But now, the ongoing controversy over opioid prescriptions and use has fueled interest by some in Congress to ask the Government Accountability Office (GAO) to study the possibilities on the “use of remote monitoring with respect to individuals who are prescribed opioids.” That GAO study provision can be found in Section 118 of the Support for Patients and Communities Reauthorization Act, which passed the House Energy and Commerce Committee by a 49–0 vote on July 19.
There has been a wealth of literature on remote monitoring of patients for the outpatient management of opioid use disorder, including addiction specialists tapering their methadone patients gradually off of the drug in a way that avoids withdrawal symptoms. This is because, with the advent of telemedicine, it is hoped that doctors can manage all sorts of conditions remotely using sensing devices without the patients having to come to the doctor’s office.
The research is not limited to opioid monitoring. Technologies to remotely monitor blood pressure, EKGs, oxygenation, and more are either already available or soon will be. Private technology companies, funded by venture capital, continue to developthese devices, responding to the growing market for telehealth services.
The government’s only role here is to remove the 19th and 20th-century regulatory relics that stunt the growth of telehealth services. These are welcome developments, but we must never lose sight of the potential for the compromise or even abuse of such collected and stored data.
The recent bill’s GAO study requirement is a solution in search of a problem. There is no need for legislation to fund studies to remotely monitor opioid use since these studies are already being done and are well underway. As such, the GAO study requirement in the bill appears to be a form of legislative political theater aimed at showing concern for the opioid overdose problem.

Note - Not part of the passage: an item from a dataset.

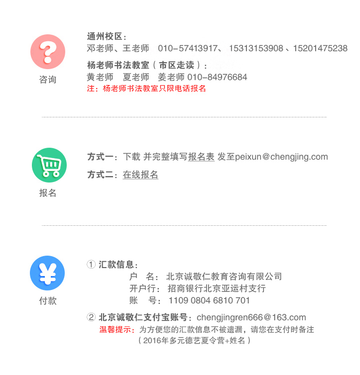本著傳統書法藝術教學因材施教的原則,指導老師會根據每位學員的學習程度量身制定合適的學習進度,并分別進行指導,幫助每位學員完成其學習目標。因此大家可根據各自放暑假的時間,安排前往北京誠敬仁學習書法的日期。
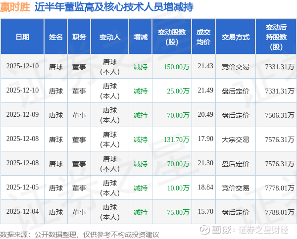 赢时胜近半年内的董监高及核心技术人员增减持详情如下:

Moreover, the wording of the study language is too broad. It doesn’t talk about remote monitoring for treating opioid use disorder or dependency, but just remote monitoring of patients on opioids. Such expansive language can lead to unintended and harmful consequences.
Despite abundant public data to the contrary, most lawmakers believe that all these people accessing fentanyl, cocaine, meth, and Tranq on the black market are the products of doctors prescribing opioids to their patients to treat their pain. That misinformation is, in many ways, at the heart of the problem in our public debate on how to deal responsibly with opioids.
A government-sanctioned study like the proposed one by GAO will no doubt show that, given current or projected technologies, it is possible to remotely monitor how patients use opioids through their physiological responses. With such data in hand, misinformed anti-opioid crusaders in Congress will then take the next “logical” step — legislation requiring all patients prescribed opioids for any reason to be remotely monitored (another example of “cops practicing medicine.”)
This will intimidate health care practitioners into further curtailing opioid prescribing to their patients in pain. This simply exacerbates the misery that state and federal opioid prescribing policies have already inflicted on them that is driving many to suicide and some to homicide.
We already live in an over-surveilled country as it is, courtesy of draconian, sweeping laws like the PATRIOT Act and the FISA Amendments Act, along with the proliferation of automated license plate readers, facial recognition technology, etc. Such laws and technologies have badly compromised our privacy in our personal communications, and the last thing we need is a perversion of telemedicine technology to further compromise the already-endangered medical provider-patient relationship.